Researchers have recently created an artificially intelligent diagnosis algorithm by programming a GPU to act as a neural network. By applying “deep learning” using the GPU, the team trained the neural network to identify and differentiate between malignant and benign skin lesions. The study’s result showed the algorithm to be as reliable as a human dermatologist is at detecting skin cancer, albeit with the potential to provide diagnoses at much greater speed and at lower cost. With 5.4 million new cases of skin cancer in the US every year, early detection can have an enormous impact on outcomes.
Machine intelligence is also already being used to predict the future health of individuals and populations by analyzing clinical and non-clinical data to identify high-risk patients before disaster strikes. Greater adoption of these technologies can also lead to better patient outcomes and reduce waste in the healthcare system by addressing issues in over-treatment and care delivery.
As these services become more widely available in the future, it’s projected that deep learning will provide greater accuracy, faster analysis and ultimately lower healthcare costs.
Supporting research and discovery
Machine intelligence is also forging a new path where traditional approaches to research haven’t been successful.

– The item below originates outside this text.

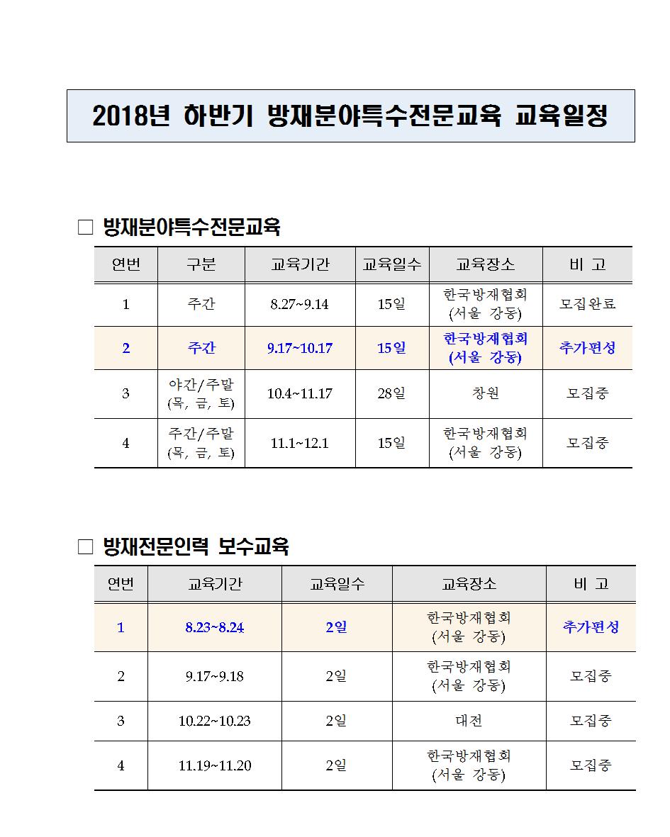 2018년 하반기 방재분야특수전문교육 추가개설 안내

Historically, the cost of developing new treatments for rare diseases has been gargantuan and often prohibitive. The number of patients living with a single rare disease is small which makes it difficult to find participants for expensive clinical trials and for pharmaceutical companies to recoup costs once a drug goes to market. Machine intelligence can lower the time-to-market and cost barriers for medical research, thereby spurring progress in cases where there are limited financial incentives for pharmaceutical companies.
Pioneering companies are already realizing the potential of this technology, combining biological science with deep learning to discover new treatments for rare genetic diseases typically without lengthy and expensive research into new medications. The data generated from these applications over time can also become a resource for additional software to mine, and help explain why certain drugs work or suggest the most promising avenues to explore.

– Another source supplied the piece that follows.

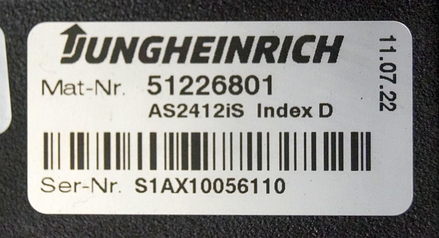 Jungheinrich 51226801 | Rij/hef/stuur regeling drive/lift/steering controller AS2412 i S index D Sw 1,07 51263516 sn. S1AX10056110 from ERE225 fixed platform year 2015

Unlocking healthcare breakthroughs for all
It’s no accident that researchers have relied heavily on open source initiatives to support their discoveries, and the trend towards open ecosystems only continues to build momentum. Using free, widely available internet images and open data platforms, researchers can engage in industry-wide collaboration to improve patient outcomes through artificial intelligence.

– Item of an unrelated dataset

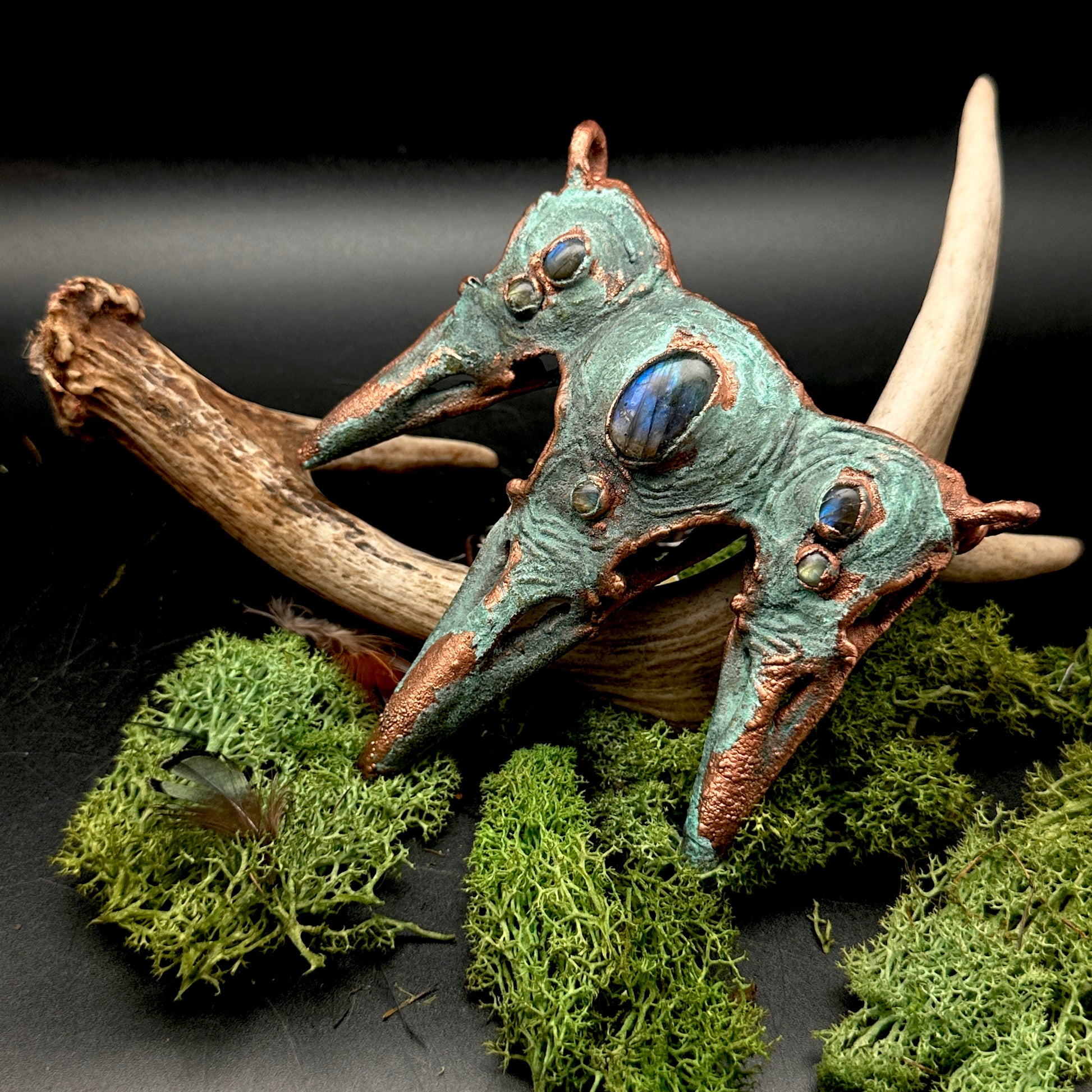 Custom made triple raven skull with labradorite, copper electroformed, and oxidized with green patina. Substantial open copper plated chain. Large but lightweight!

Why open source? Open source platforms offer feature-rich software created by a community of purpose-driven developers. Software portability between hardware vendors avoids hardware lock-in while still extracting the optimal performance. Business, academic and government organizations shouldn’t be chained to a single-vendor solution.
Open platforms, like the Radeon Open Compute Platform (ROCm), are vital to improve the access to math libraries, and provide a rich foundation of modern programming languages, which can speed up the development of high-performance, energy-efficient heterogeneous computing systems. And flexible, programmable compute-oriented GPU hardware such as Radeon Instinct accelerators will provide more choice in a market that was once locked to limited vendors.
As we continue our journey in the machine intelligence era, new GPU accelerators combined with optimized, open source deep learning frameworks will help solve some of healthcare’s most pressing challenges. We’re just at the beginning of this fantastic voyage, but are already witnessing the promise of how machine intelligence can help form a healthier world than ever.